Your task
Reproduce the lines below exactly, from the one containing "PACKAGE INCLUDE: This" through the one containing "Grounded in a", both included. Leave out any pictures.

Exercise input

----------

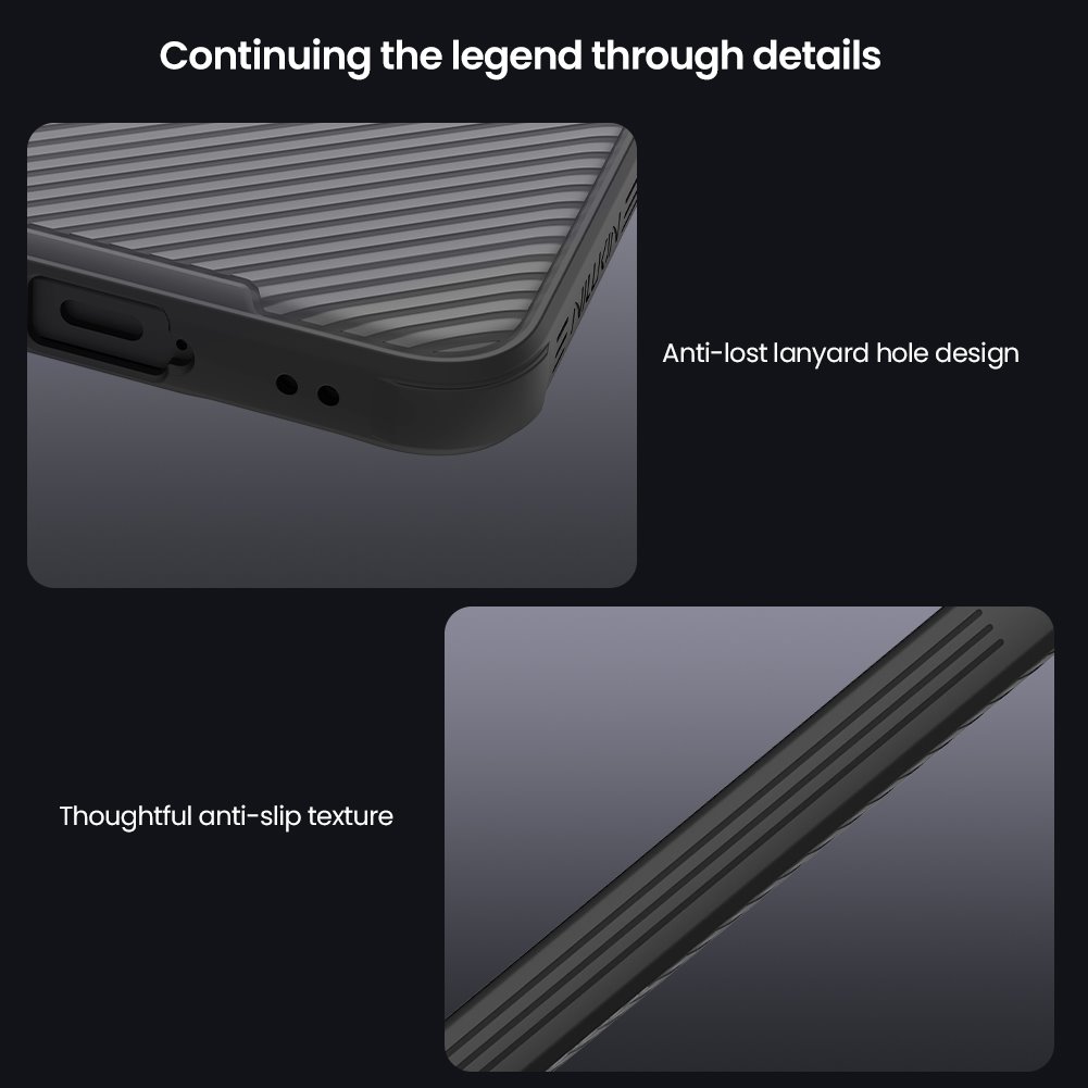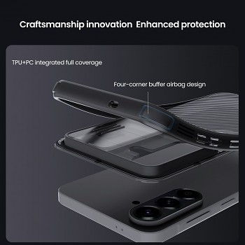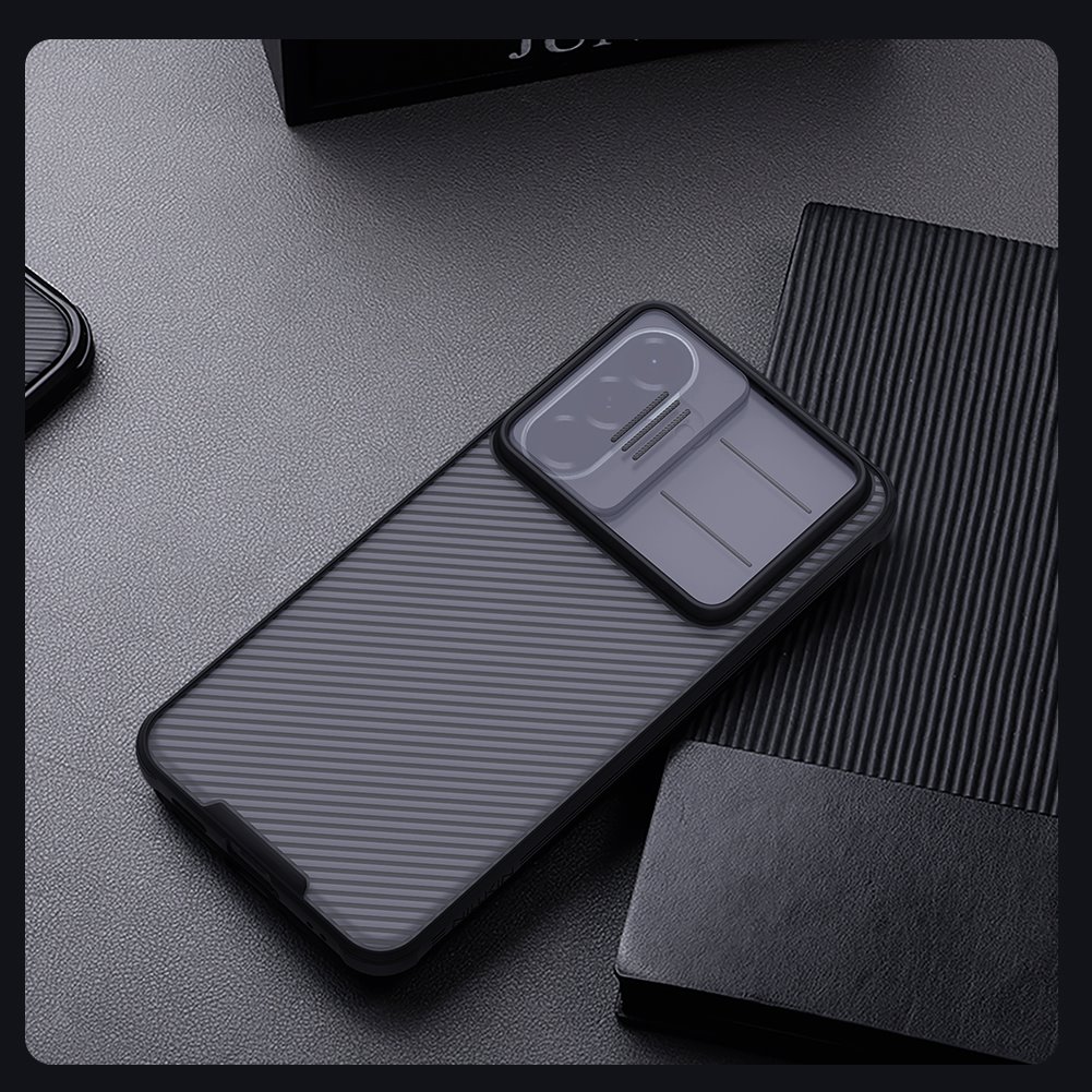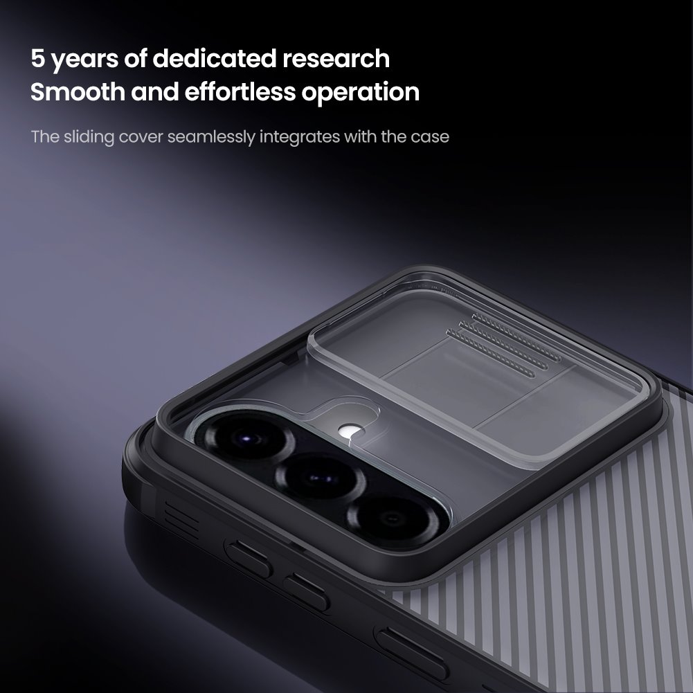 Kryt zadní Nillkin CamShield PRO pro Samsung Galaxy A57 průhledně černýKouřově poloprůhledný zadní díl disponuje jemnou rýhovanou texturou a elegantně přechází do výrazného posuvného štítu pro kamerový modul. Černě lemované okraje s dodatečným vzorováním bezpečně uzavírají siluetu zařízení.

----------

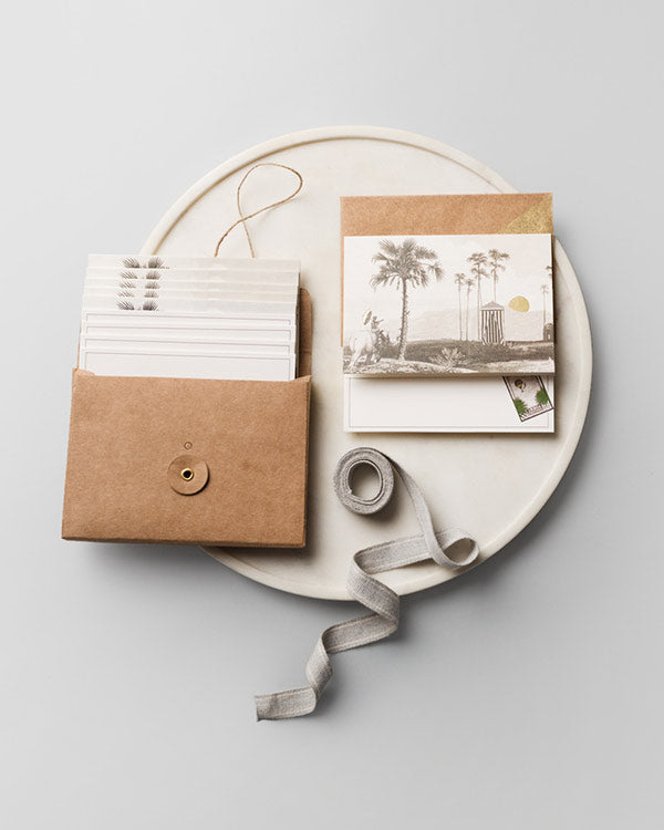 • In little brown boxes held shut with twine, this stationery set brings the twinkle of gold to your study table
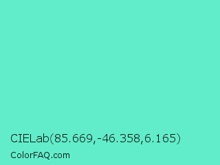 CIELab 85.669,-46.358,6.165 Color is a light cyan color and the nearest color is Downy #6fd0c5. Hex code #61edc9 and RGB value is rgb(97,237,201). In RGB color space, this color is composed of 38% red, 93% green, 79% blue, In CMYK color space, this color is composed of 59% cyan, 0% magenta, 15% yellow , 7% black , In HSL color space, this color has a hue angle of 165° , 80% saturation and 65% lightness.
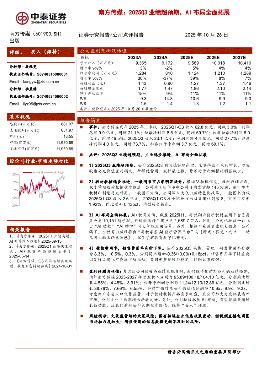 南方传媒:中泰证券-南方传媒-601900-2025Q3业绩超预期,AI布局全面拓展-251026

----------

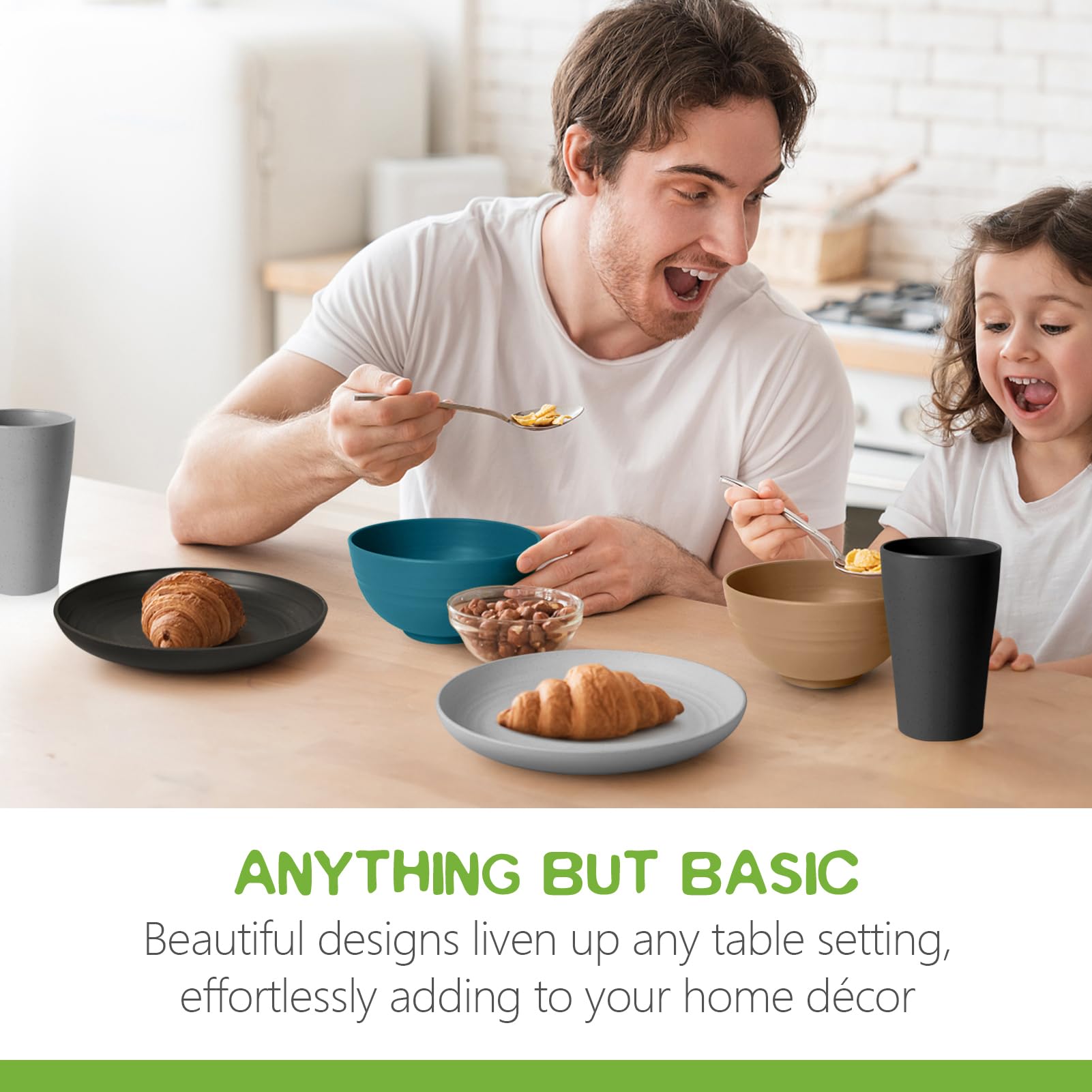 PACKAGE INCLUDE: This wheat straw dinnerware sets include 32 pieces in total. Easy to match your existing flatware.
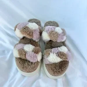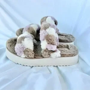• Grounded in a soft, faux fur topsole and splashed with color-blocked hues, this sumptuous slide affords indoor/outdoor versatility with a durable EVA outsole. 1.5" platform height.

----------

Expected answer
 PACKAGE INCLUDE: This wheat straw dinnerware sets include 32 pieces in total. Easy to match your existing flatware.
• Grounded in a soft, faux fur topsole and splashed with color-blocked hues, this sumptuous slide affords indoor/outdoor versatility with a durable EVA outsole. 1.5" platform height.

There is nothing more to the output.